Not Enough

not-enoughMost of our emotional pitfalls have their roots in scarcity, though shrouded in whatever current event or credible outer storyline.  When we pause and examine beneath the surface, a subconscious reel of bad news can be distilled, an alarming headline – ‘NOT ENOUGH’.

The key to unlocking this painful myth is to slow down and retrace frame by frame the pivotal moments leading up to the plunge.

My scarcity headline hit the emotional presses last week after a fairly substantial
hiatus, providing me a chance to really dissect this process.  As is typical, someone close to me innocently did or didn’t do something that triggered an almost imperceptible avalanche of thoughts and feelings firing off at light speed, which suddenly shifted me into a feeling state of lack.

There I was in full character in the most vividly painful portrayal of my life.   I stepped back to observe this one I had suddenly become, wanting to see everything about her, what she believed about herself and who in her life she had cast in what supporting roles.

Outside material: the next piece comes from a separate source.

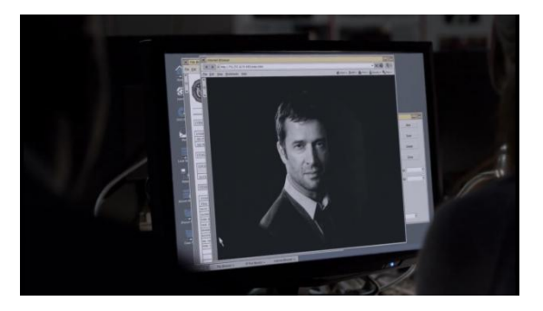
Joe Carroll's portrait

The close-up shots of the computer screen from Image 27 to Image 29 displays this dual persona between Carroll and Poe, when the portrait of Poe slowly starts to become the image of Joe Carroll, or in the last episode when Ryans insults Poe, Carroll loses his composure because he feels as if it was him who was insulted.

I dialogue and review with myself like I would with one of my children, careful not to dismiss, band-aid or criticize myself for my feelings.  I address it with sincere empathy like I would with a child.  “What happened?  What was said?  How did I feel when that was said?  What do I fear about that?  Under that what is my fear?  And under that…?”  I move deeper through the emotional layers until I reach the devastating root feeling.

I fully acknowledge how hurtful and intolerable it is to believe this myth of scarcity, when enough love, enough safety, security (or whatever it is) is absolutely necessary to my existence.  How intolerable scarce conditions are to the greater me.

When this process is lived consciously, it can be experienced and moved through.  The adult you is on the scene to question, illuminate, reassure and allow space for fears and feelings, and to then suggest the innate power to move to a different emotional place; the ability to meet one’s own needs by changing one’s emotional state.

If we rehearse or practice feelings and thoughts of lack long enough, we adopt them as a false identity, further strengthening their presence in our reality.  Attempting to get others to behave in a way that will validate our lovableness, worthiness and security is an incredible drain and impossible to sustain.

If we try to improve ourselves, create what we want, or conduct our relationships from a base state of emptiness, we reinforce that base state.  When we are intensely
identifying with not enough, we can never have enough reassurance from someone else.  In short, we cannot resolve the problem at the level of consciousness it was created.

To counteract the feeling state of scarcity, requires that we put everything aside to practice creating the base feeling state of its opposite.  To meditate simply means ‘to become familiar with’.  Carving out the space to focus on what it feels like to have an abundance of love, health, wealth, is ultimately how we create the conditions necessary for that to exist in our lives.